Small groups of merchants who know each other share cooking fires. I was attempting to light a blaze of sticks and dried camel dung, when Ja’acob rode up on an exhausted mule. He belatedly decided to accompany his father and the two women, which pleases me because Miriam has not yet come out of the platform’s tent. I heard her infant crying from hunger. From spite, Assia criticizes that such a young mother will not properly be able to nurse her child. When her brother arrived, she had gone to find one of the few women traveling with the caravan. Assia returned with a husky Arab woman, who offered to nursemaid the infant for a shekel a day. After a spare supper of bread, salt- fish, dates, and wine, I examined the infant and applied new ointment and dressings. Mercifully, the redness has lessened, yet Miriam is strangely quiet, staring at the tent walls as if she were yet in shock. Her lips move in what seems like a repetition of the words—or prayer—she had recited in her room. The Arab woman sniffed at my achillea ointment, threw me a look of disgust, then left to return with a tin of reddish powder she called rumman. As she sprinkled it over the child’s abdomen, Ja’acob told me it was powdered pomegranate rind. Afterward, the woman bared herself to nurse the child, but, I hesitate to say ‘miraculously,’ somehow Miriam’s breasts had filled. She motioned the Arabess away and drew the babe to herself. We men will sleep on the grass under sheepskins.
* * *
Dies V. To make up for time lost on his first day, Malik forced the caravan to travel until dark on the second day, XXIV miles to a crossroads town called Berosaba. We made camp on its outskirts, where I would have given a denarius to sleep on even a straw mattress bed, rather than once again on hard cold earth.
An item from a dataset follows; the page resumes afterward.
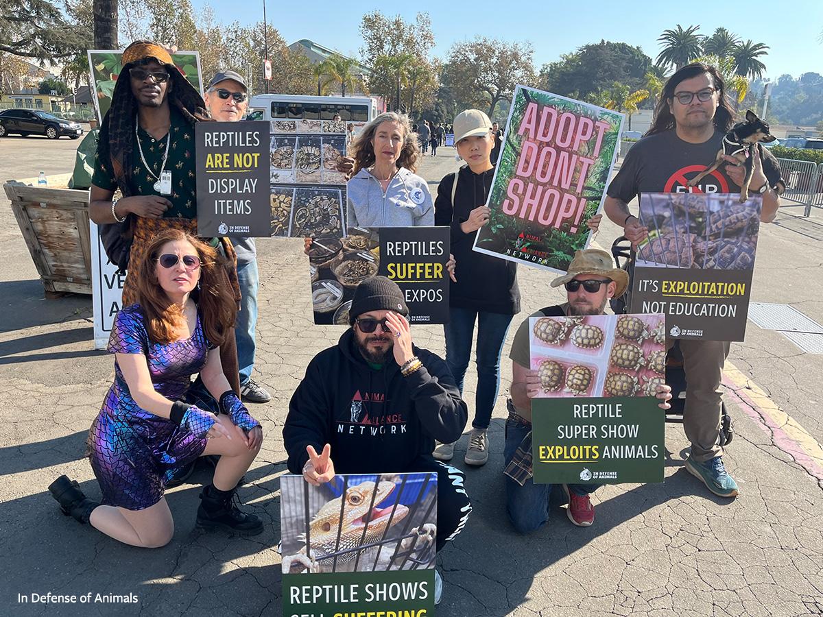 At the protest, advocates distributed 250 flyers to educate attendees about the realities of the pet trade and provide resources for adopting reptiles in need through local rescues in Southern California. We worked alongside People for the Ethical Treatment of Animals, Los Angeles Animal Save, Animal Alliance Network, Los Angeles Animal Defense League, and other local activists to spread awareness and demand an end to these cruel expos.

The seasoned merchants seem not to mind, but a few novice caravan travelers—like myself—suffer greatly from the sun’s continual glare, blowing sand grains, gnats, daytime heat, nighttime cold, and, not least, the smell, bad temper, and bone-wracking gait of my “gentle” Warda. On the third day we left a caravan trail running alongside a Roman road leading southeast, to enter the Idumaean grasslands, a desolate region partly of sand and inhabited by wandering shepherd tribes called Bedouin. The horizon is flat, broken on our left only by a jagged range of distant, bluish mountains. That evening we reached Elusa, a sun-baked oasis-cum-legionary outpost, surely a punitive assignment for any hapless men stationed there. An unpaved road leads northwest to the Mediterranean and southeast toward a far-distant Arabia Felix, or so Greek-speaking veterans in the caravan told me. They also jested, but with seriousness, that the worse sand wastes were to come on the next and three following days. They only speak to me because I was asked to treat insect bites that had affected the men’s humors. The most serious injury was a scorpion sting, but the man will recover.